### Given data

--------

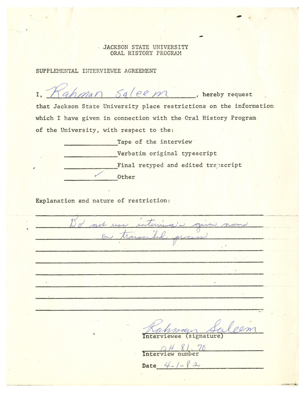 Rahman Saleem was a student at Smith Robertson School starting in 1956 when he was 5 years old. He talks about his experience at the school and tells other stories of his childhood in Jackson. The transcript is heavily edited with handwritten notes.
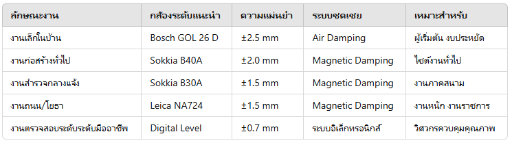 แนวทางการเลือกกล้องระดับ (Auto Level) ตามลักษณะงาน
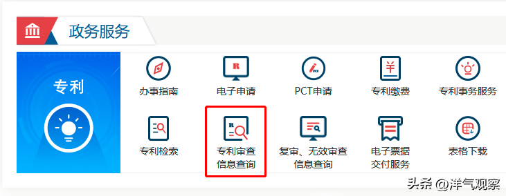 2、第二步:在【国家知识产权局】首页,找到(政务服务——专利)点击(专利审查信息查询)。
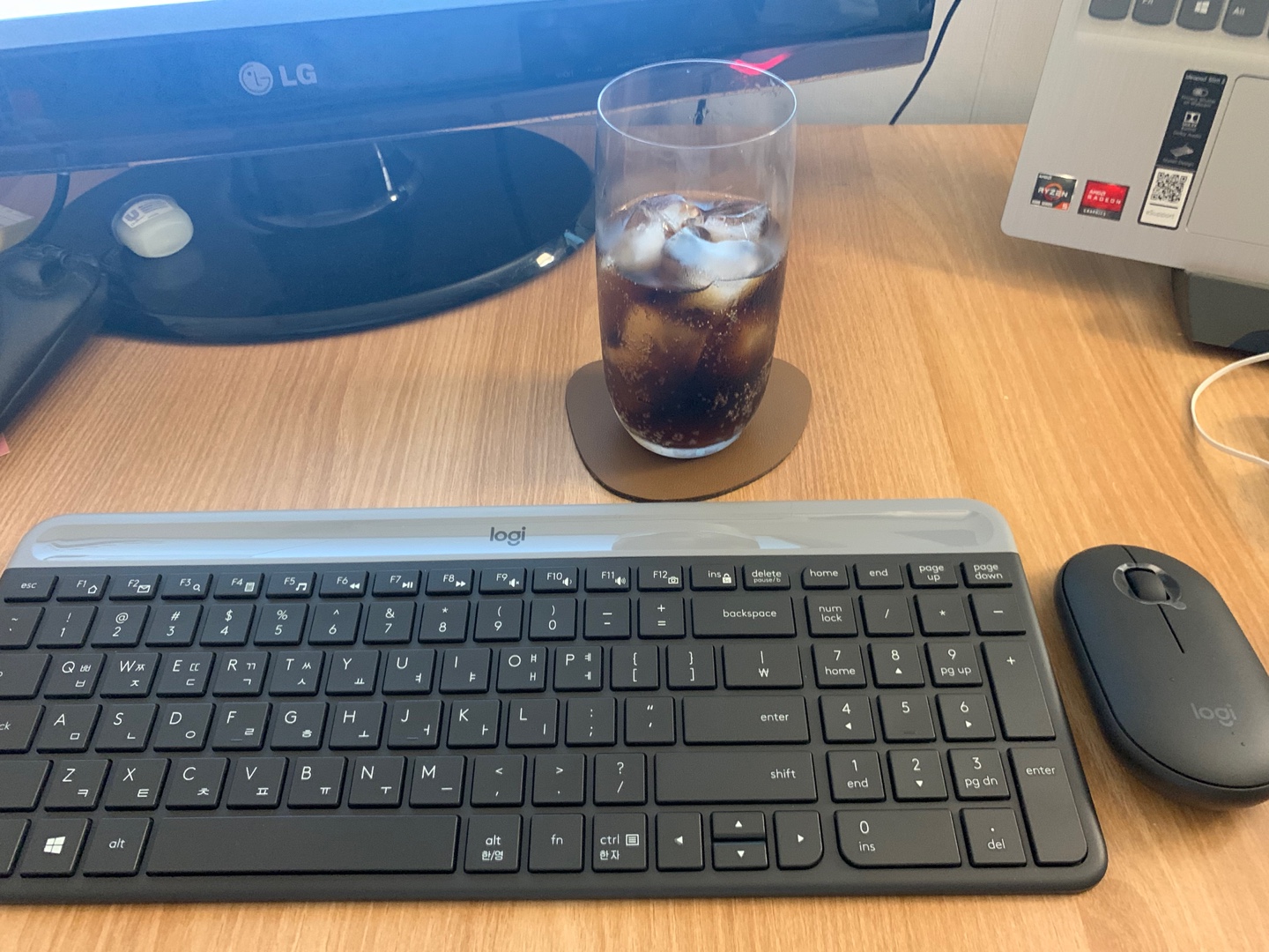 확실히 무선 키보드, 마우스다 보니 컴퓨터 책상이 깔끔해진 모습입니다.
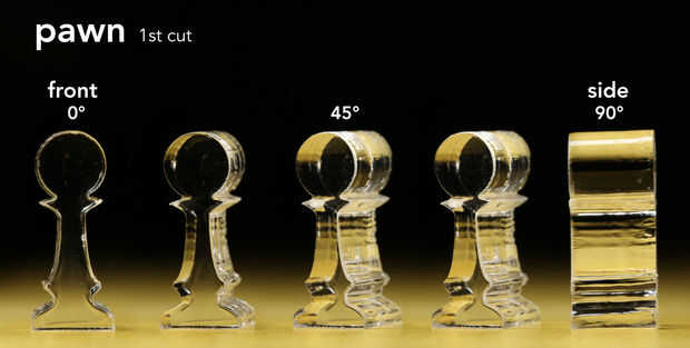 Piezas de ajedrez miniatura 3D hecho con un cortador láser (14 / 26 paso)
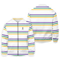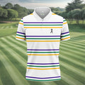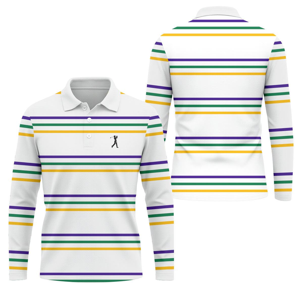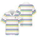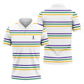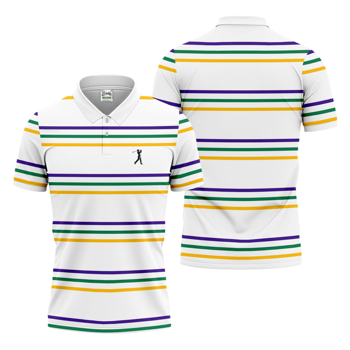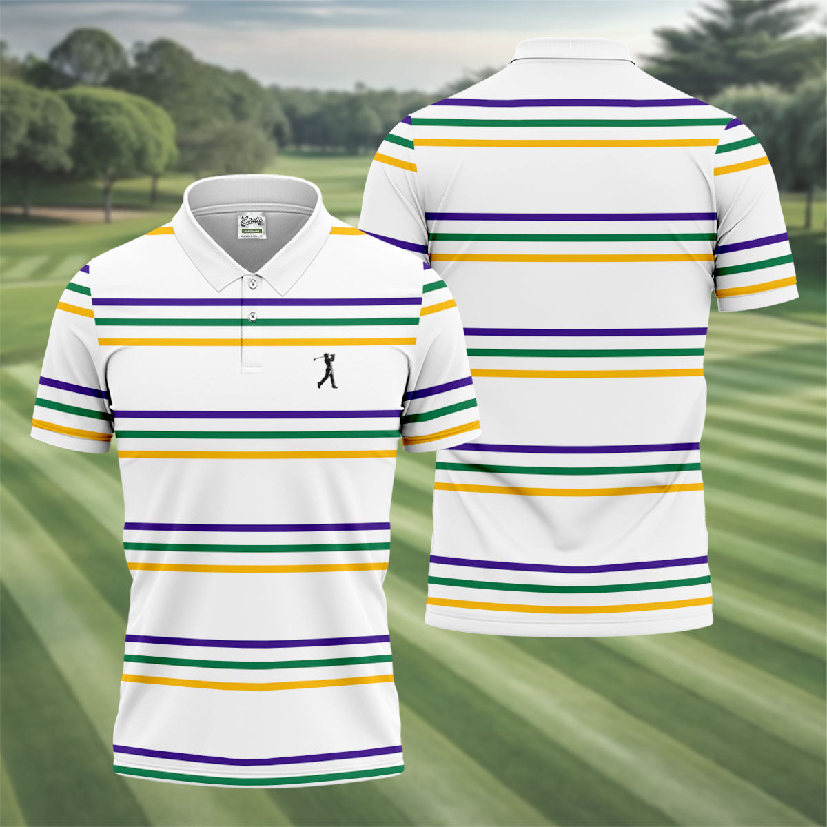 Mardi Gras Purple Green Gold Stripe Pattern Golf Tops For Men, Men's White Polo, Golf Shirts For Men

--------

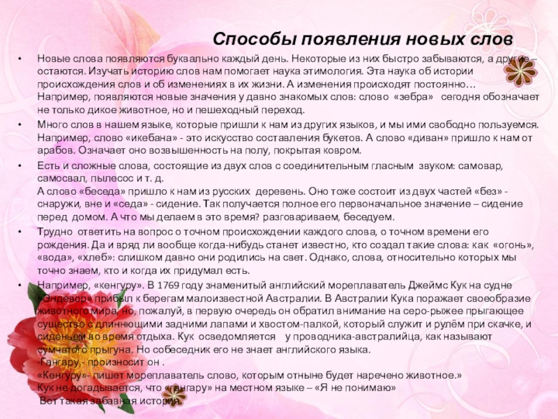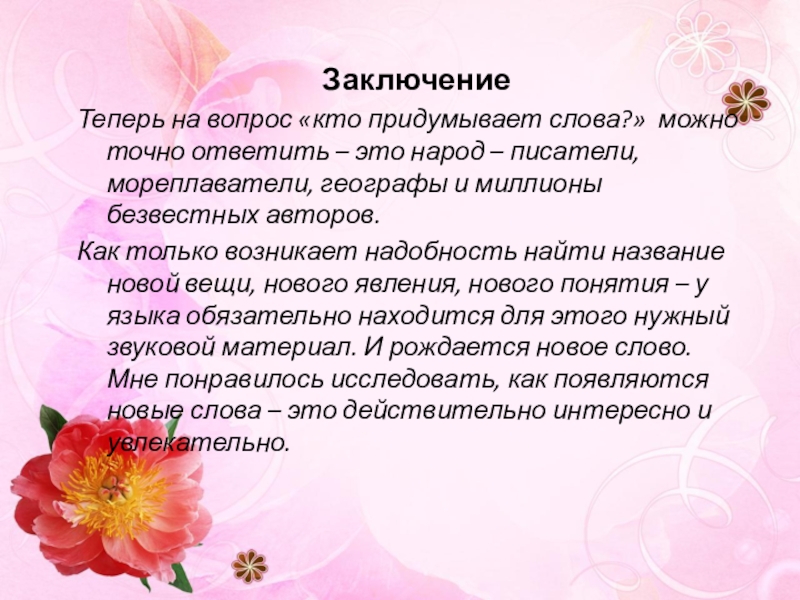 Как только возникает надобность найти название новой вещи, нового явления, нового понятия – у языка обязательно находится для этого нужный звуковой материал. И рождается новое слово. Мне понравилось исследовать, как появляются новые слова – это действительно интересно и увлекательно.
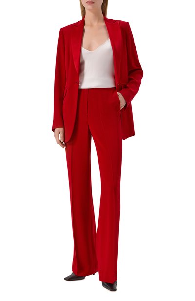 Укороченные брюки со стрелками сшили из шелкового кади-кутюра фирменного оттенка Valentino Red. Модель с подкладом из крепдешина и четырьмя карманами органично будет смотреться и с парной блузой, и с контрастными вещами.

--------

### About this exercise
Starting at the line with "2、第二步:在【国家知识产权" in the entries above, write out every line exactly until the line with "Mardi Gras Purple" has been written. Include no pictures and nothing more.

### The completed task
 2、第二步:在【国家知识产权局】首页,找到(政务服务——专利)点击(专利审查信息查询)。
 확실히 무선 키보드, 마우스다 보니 컴퓨터 책상이 깔끔해진 모습입니다.
 Piezas de ajedrez miniatura 3D hecho con un cortador láser (14 / 26 paso)
 Mardi Gras Purple Green Gold Stripe Pattern Golf Tops For Men, Men's White Polo, Golf Shirts For Men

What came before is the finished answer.